> TASK DIRECTIONS:
Beneath this line are entries. Copy the range from the line with "Sua compressão graduada" to the line with "A három külön", ends included, exactly; leave pictures out.

> DATA FOR THIS TASK:
☆ ☆ ☆ ☆

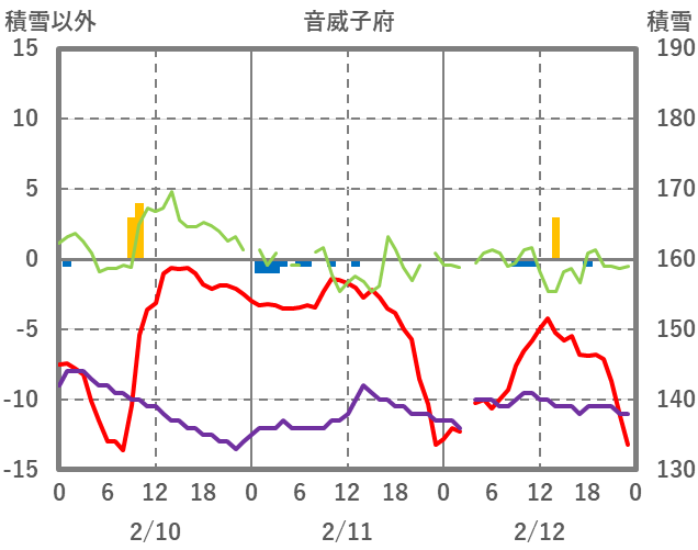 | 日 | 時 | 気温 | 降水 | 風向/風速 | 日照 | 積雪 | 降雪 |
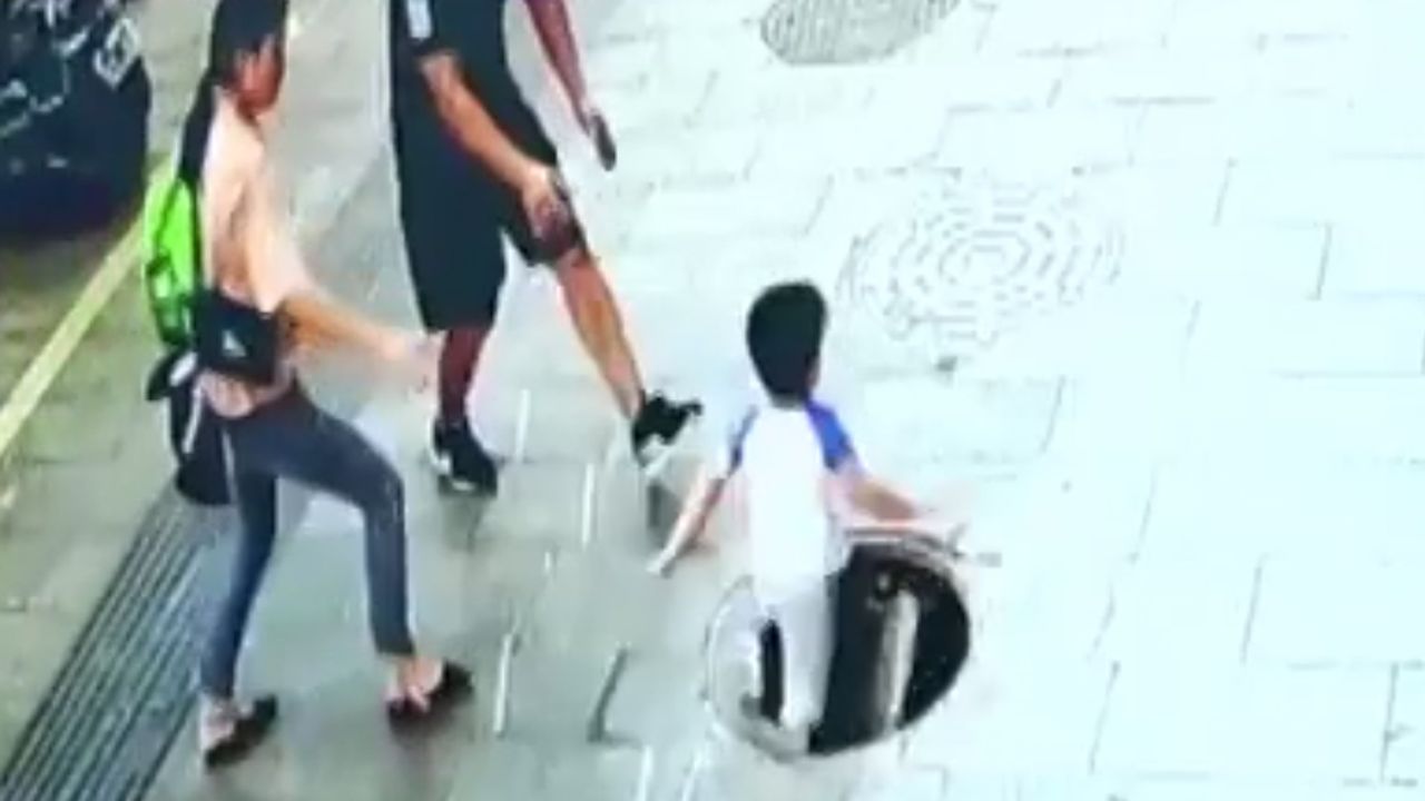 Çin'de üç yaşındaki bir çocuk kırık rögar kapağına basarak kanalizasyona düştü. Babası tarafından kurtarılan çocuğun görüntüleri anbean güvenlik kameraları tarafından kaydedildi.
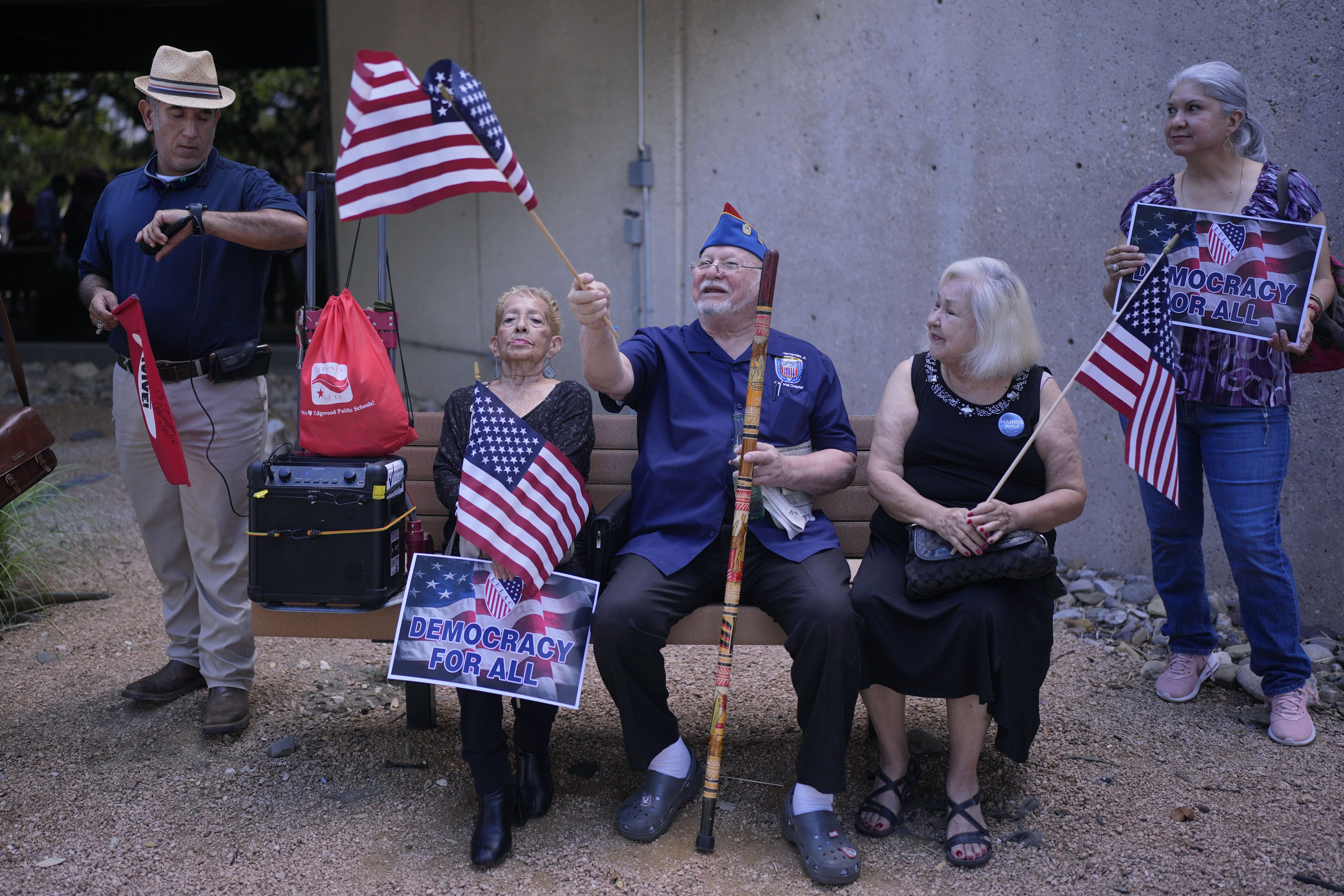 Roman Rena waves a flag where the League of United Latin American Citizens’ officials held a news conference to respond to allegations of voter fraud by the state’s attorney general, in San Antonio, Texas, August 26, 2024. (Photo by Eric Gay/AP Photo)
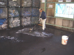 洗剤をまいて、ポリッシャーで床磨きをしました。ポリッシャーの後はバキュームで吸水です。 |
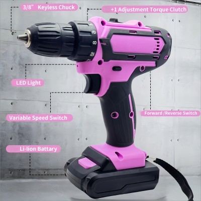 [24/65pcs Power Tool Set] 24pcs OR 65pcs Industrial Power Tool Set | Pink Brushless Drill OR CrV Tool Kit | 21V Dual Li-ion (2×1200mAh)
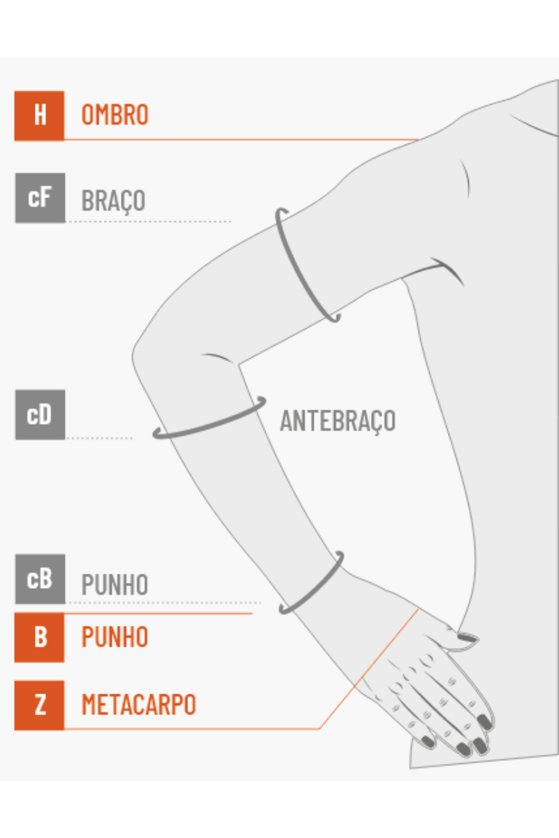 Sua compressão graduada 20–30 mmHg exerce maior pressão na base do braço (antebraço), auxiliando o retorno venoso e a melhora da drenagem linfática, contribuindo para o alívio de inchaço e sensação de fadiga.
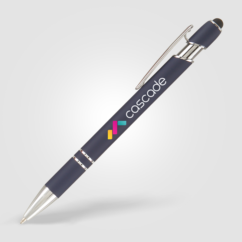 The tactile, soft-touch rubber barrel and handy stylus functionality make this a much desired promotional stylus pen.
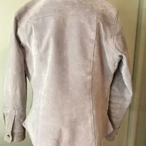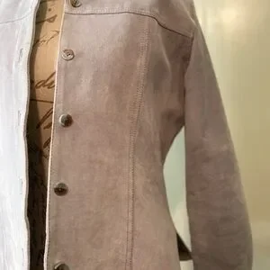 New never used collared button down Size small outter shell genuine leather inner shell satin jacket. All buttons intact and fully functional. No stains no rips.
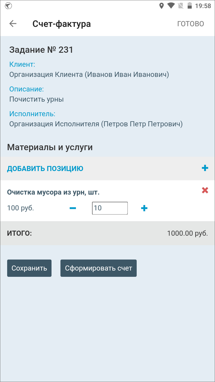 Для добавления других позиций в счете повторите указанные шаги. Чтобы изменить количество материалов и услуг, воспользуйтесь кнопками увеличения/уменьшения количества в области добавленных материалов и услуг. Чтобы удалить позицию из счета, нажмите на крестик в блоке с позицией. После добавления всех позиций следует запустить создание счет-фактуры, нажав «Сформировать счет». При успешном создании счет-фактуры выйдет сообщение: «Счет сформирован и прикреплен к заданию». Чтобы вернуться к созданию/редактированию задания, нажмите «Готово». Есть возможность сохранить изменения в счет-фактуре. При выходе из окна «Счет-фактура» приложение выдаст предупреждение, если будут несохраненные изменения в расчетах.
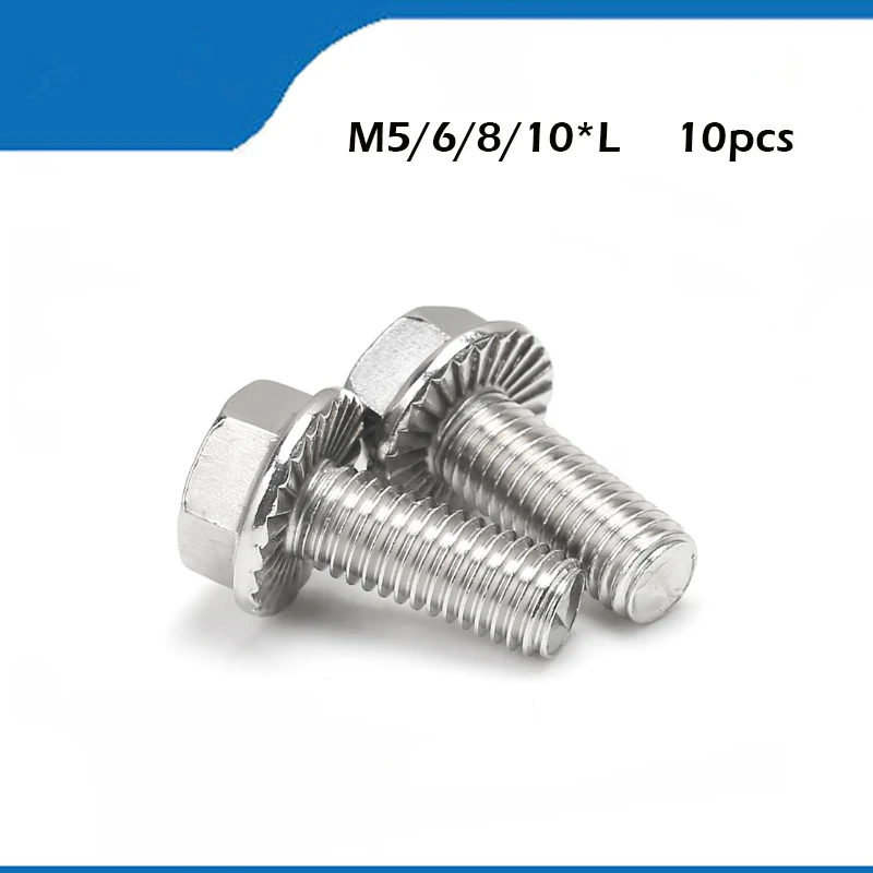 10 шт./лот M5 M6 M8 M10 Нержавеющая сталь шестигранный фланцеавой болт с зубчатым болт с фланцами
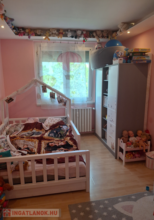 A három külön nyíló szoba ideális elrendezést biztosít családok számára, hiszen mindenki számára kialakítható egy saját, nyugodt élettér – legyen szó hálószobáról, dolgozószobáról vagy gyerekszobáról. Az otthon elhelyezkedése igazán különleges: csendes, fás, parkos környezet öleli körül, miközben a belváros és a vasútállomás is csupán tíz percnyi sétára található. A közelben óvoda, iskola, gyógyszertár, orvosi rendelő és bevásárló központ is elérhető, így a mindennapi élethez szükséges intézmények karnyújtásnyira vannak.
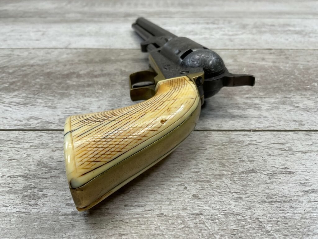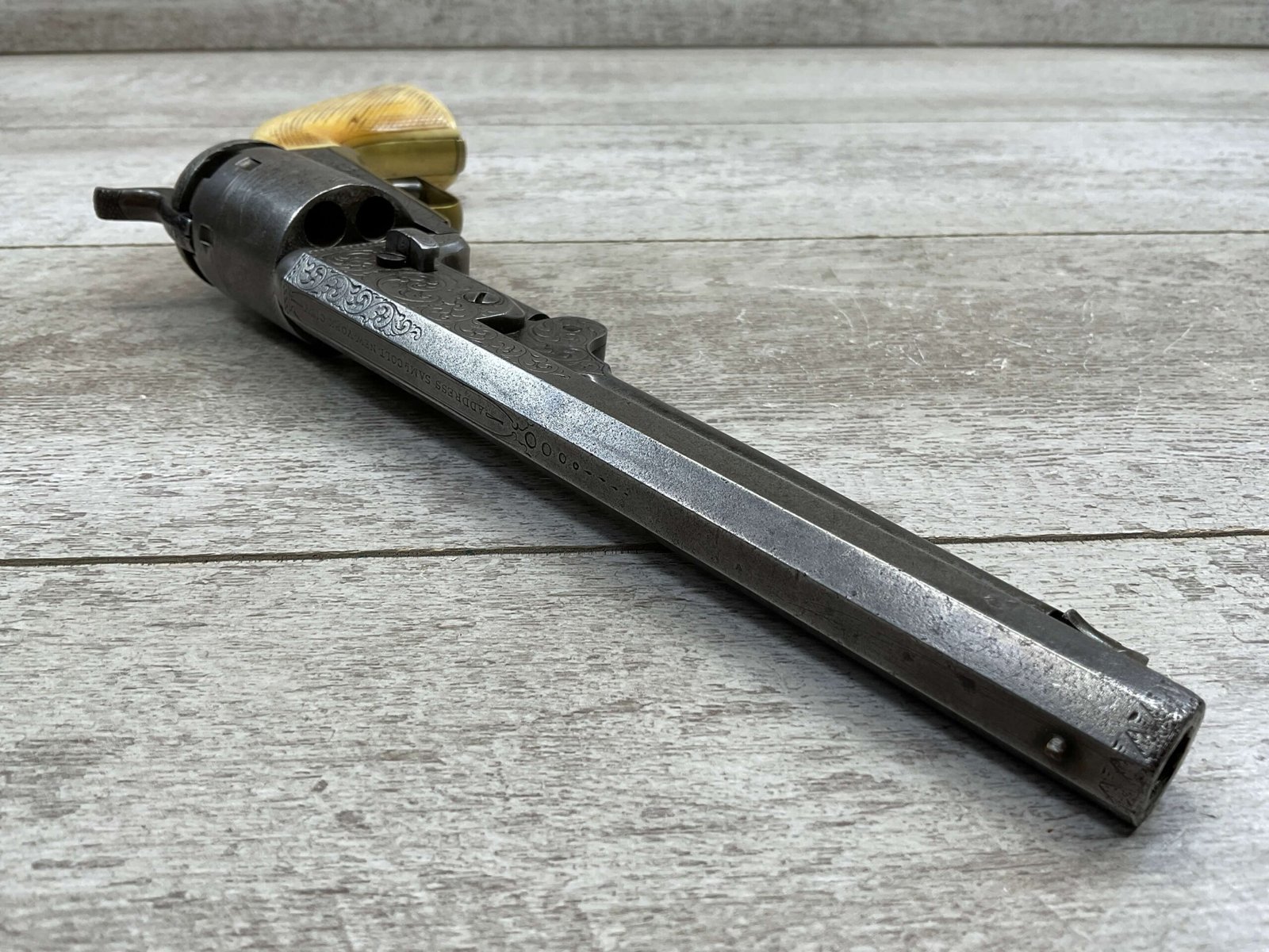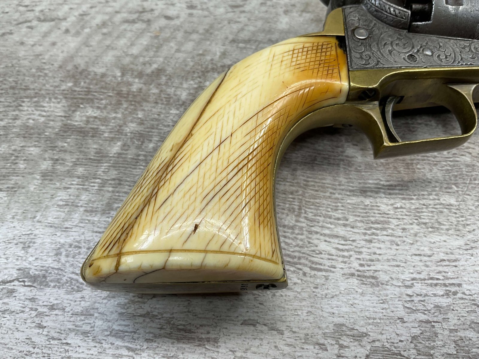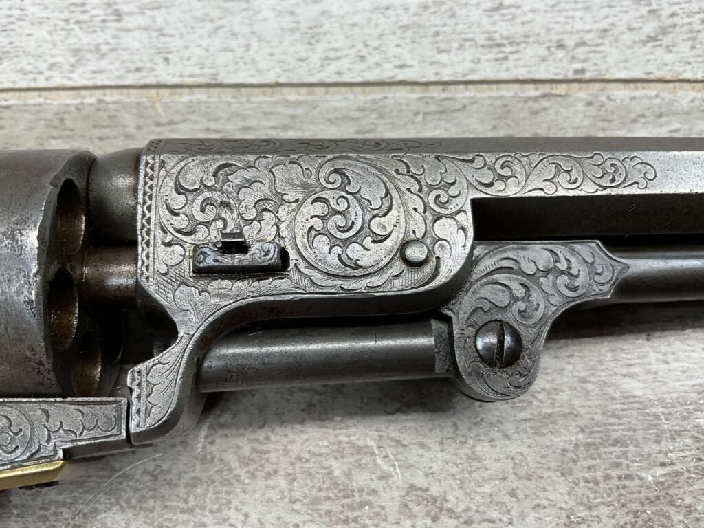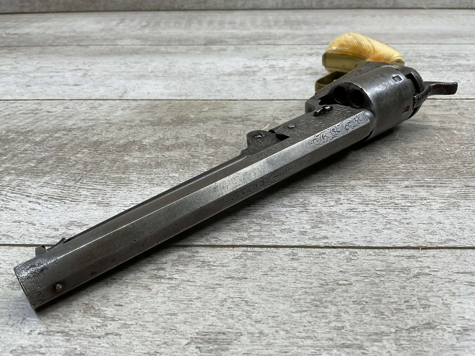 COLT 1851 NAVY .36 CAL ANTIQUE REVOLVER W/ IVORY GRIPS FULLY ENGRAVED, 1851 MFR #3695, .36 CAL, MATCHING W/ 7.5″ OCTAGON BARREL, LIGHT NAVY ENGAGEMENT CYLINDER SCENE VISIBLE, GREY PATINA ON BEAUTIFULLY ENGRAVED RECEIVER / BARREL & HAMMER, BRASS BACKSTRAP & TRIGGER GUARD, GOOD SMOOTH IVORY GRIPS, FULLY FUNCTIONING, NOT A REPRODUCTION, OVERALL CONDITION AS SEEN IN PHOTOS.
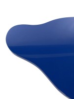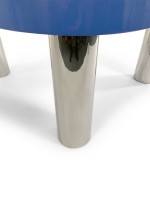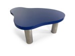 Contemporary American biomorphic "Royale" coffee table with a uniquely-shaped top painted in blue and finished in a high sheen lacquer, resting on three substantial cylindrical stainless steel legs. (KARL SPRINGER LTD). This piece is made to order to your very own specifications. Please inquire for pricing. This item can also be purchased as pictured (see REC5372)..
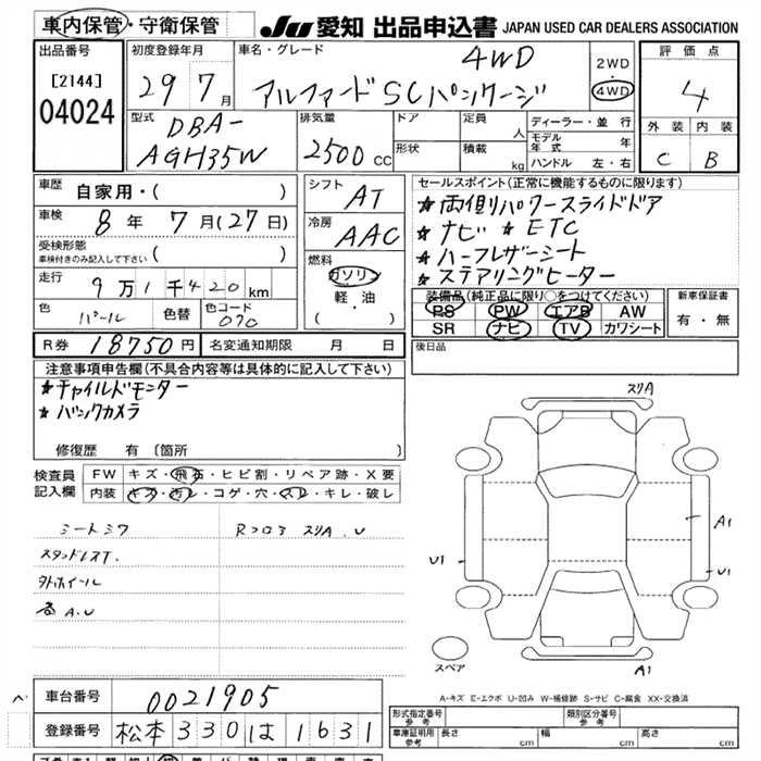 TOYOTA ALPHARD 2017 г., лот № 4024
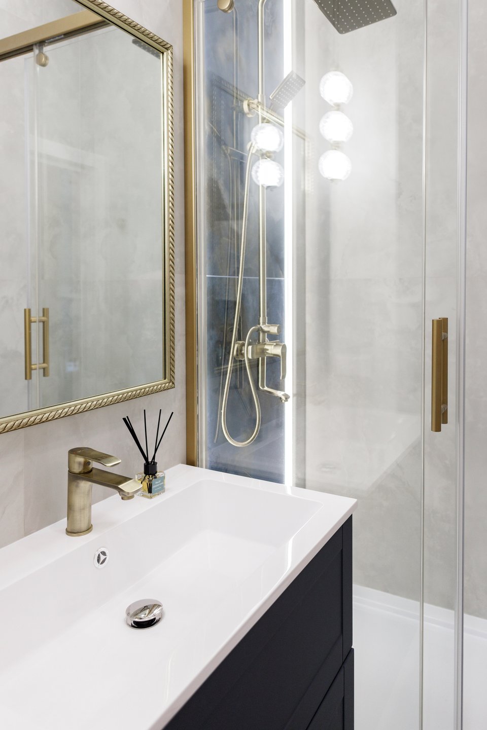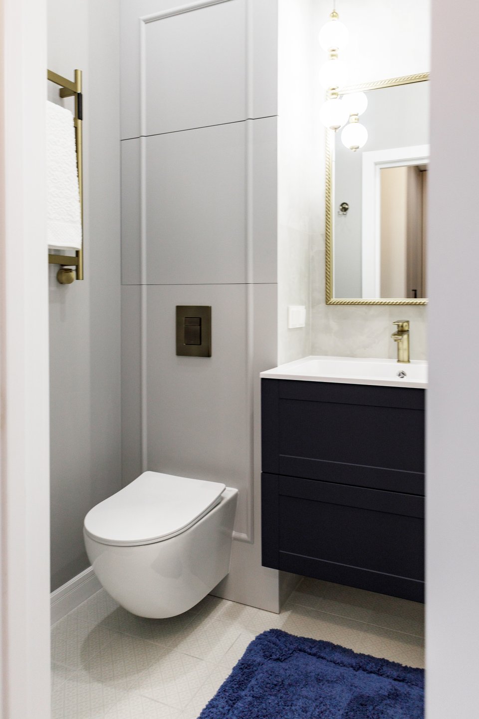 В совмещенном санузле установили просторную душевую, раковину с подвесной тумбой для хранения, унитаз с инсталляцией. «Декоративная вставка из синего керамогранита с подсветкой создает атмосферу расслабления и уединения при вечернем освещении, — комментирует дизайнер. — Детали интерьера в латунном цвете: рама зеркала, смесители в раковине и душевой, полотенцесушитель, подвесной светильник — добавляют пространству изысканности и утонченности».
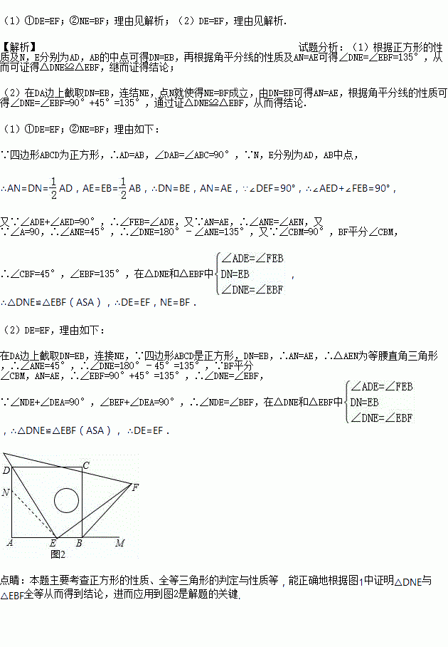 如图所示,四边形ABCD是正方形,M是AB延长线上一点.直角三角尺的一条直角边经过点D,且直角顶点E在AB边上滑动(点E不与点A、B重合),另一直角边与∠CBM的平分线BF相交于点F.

☆ ☆ ☆ ☆

> WORKED SOLUTION:
 Sua compressão graduada 20–30 mmHg exerce maior pressão na base do braço (antebraço), auxiliando o retorno venoso e a melhora da drenagem linfática, contribuindo para o alívio de inchaço e sensação de fadiga.
 The tactile, soft-touch rubber barrel and handy stylus functionality make this a much desired promotional stylus pen.
 New never used collared button down Size small outter shell genuine leather inner shell satin jacket. All buttons intact and fully functional. No stains no rips.
 Для добавления других позиций в счете повторите указанные шаги. Чтобы изменить количество материалов и услуг, воспользуйтесь кнопками увеличения/уменьшения количества в области добавленных материалов и услуг. Чтобы удалить позицию из счета, нажмите на крестик в блоке с позицией. После добавления всех позиций следует запустить создание счет-фактуры, нажав «Сформировать счет». При успешном создании счет-фактуры выйдет сообщение: «Счет сформирован и прикреплен к заданию». Чтобы вернуться к созданию/редактированию задания, нажмите «Готово». Есть возможность сохранить изменения в счет-фактуре. При выходе из окна «Счет-фактура» приложение выдаст предупреждение, если будут несохраненные изменения в расчетах.
 10 шт./лот M5 M6 M8 M10 Нержавеющая сталь шестигранный фланцеавой болт с зубчатым болт с фланцами
 A három külön nyíló szoba ideális elrendezést biztosít családok számára, hiszen mindenki számára kialakítható egy saját, nyugodt élettér – legyen szó hálószobáról, dolgozószobáról vagy gyerekszobáról. Az otthon elhelyezkedése igazán különleges: csendes, fás, parkos környezet öleli körül, miközben a belváros és a vasútállomás is csupán tíz percnyi sétára található. A közelben óvoda, iskola, gyógyszertár, orvosi rendelő és bevásárló központ is elérhető, így a mindennapi élethez szükséges intézmények karnyújtásnyira vannak.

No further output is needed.